**What is expected**
Given the records underneath, please repeat exactly the lines from the line with "이번에는 대립가설이 'A" through the line with "游戏对里程碑奖励规则进行了调", passing over any picture.

**Task inputs**

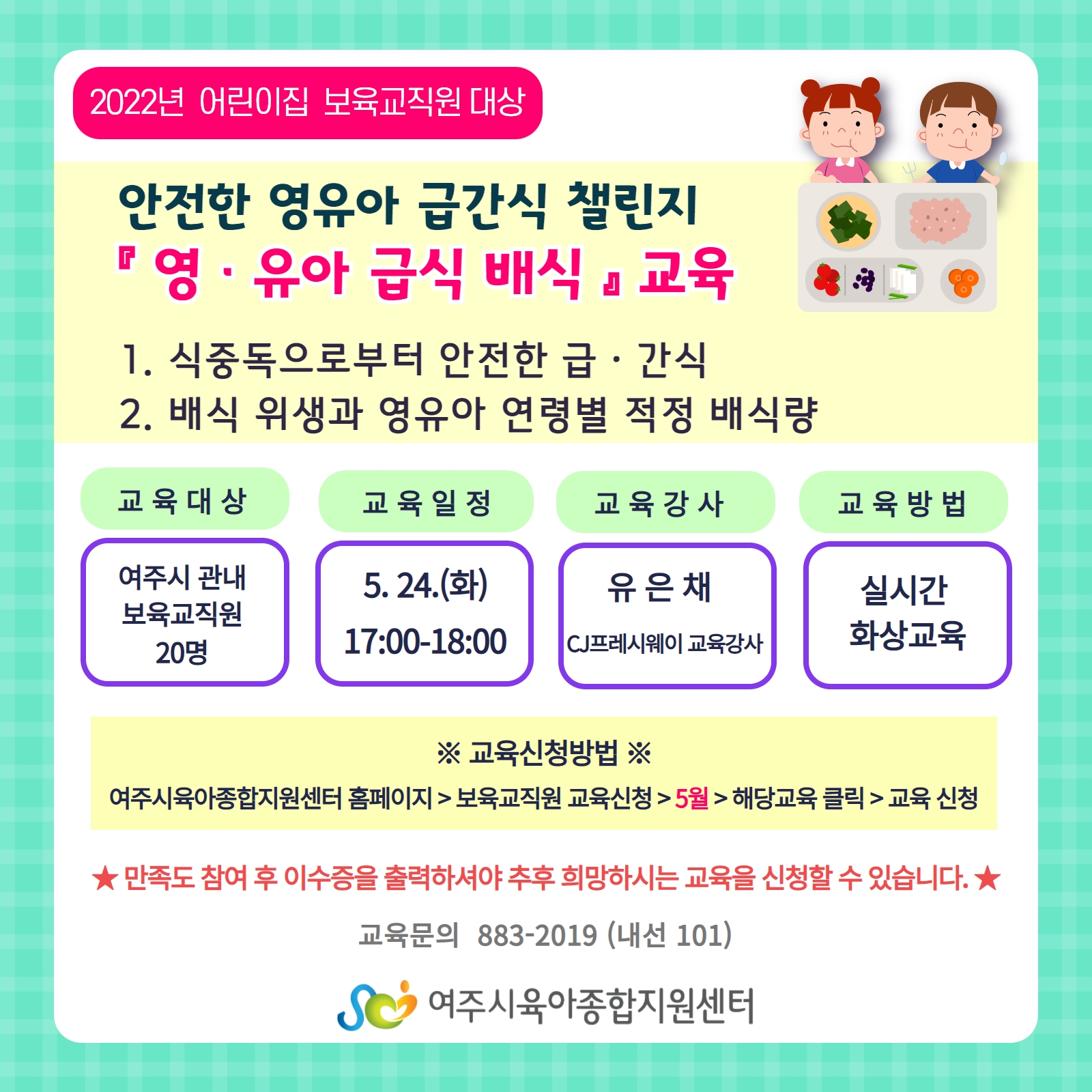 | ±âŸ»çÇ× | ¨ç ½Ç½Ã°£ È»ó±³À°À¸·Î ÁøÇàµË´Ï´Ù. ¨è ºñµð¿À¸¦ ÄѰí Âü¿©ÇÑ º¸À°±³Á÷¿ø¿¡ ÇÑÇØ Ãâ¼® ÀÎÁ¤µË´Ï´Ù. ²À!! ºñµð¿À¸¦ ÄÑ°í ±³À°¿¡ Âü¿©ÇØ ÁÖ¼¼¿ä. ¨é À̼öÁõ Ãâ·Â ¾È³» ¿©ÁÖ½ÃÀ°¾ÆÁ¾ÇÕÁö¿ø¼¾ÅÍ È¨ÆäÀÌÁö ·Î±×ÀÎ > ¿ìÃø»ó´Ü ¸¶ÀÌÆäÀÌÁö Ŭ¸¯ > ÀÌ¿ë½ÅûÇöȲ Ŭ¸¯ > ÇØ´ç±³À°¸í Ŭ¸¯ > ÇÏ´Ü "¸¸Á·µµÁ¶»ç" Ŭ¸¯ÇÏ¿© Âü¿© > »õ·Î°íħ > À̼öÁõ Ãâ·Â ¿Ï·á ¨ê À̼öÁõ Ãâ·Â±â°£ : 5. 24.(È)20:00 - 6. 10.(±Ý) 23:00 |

...

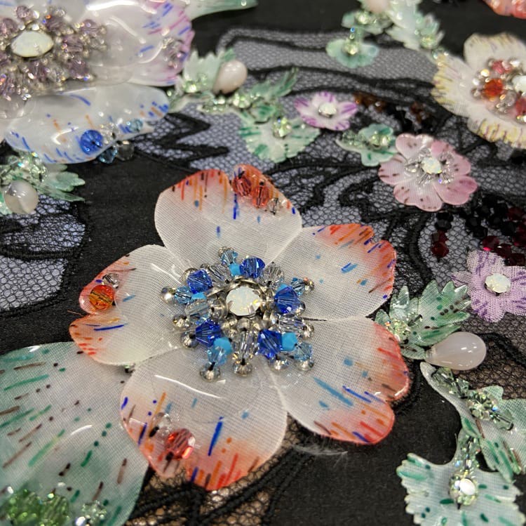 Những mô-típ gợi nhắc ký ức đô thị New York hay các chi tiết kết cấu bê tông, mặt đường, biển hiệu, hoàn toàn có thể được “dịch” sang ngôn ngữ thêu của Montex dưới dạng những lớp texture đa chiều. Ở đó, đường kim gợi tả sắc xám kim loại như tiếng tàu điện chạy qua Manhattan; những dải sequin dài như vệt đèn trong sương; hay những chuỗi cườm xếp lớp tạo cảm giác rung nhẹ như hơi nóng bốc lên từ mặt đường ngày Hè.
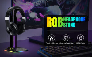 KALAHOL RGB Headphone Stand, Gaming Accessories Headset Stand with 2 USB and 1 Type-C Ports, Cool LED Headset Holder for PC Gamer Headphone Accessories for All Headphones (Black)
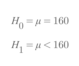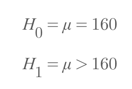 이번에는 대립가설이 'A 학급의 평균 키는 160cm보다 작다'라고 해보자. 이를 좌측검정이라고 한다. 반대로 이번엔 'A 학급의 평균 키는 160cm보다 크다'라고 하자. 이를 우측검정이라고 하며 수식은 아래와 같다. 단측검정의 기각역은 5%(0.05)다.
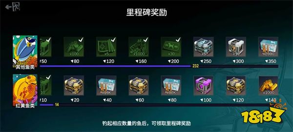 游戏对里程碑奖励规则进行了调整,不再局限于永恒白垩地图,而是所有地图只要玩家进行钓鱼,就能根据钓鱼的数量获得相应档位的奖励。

**Exercise response**
 이번에는 대립가설이 'A 학급의 평균 키는 160cm보다 작다'라고 해보자. 이를 좌측검정이라고 한다. 반대로 이번엔 'A 학급의 평균 키는 160cm보다 크다'라고 하자. 이를 우측검정이라고 하며 수식은 아래와 같다. 단측검정의 기각역은 5%(0.05)다.
 游戏对里程碑奖励规则进行了调整,不再局限于永恒白垩地图,而是所有地图只要玩家进行钓鱼,就能根据钓鱼的数量获得相应档位的奖励。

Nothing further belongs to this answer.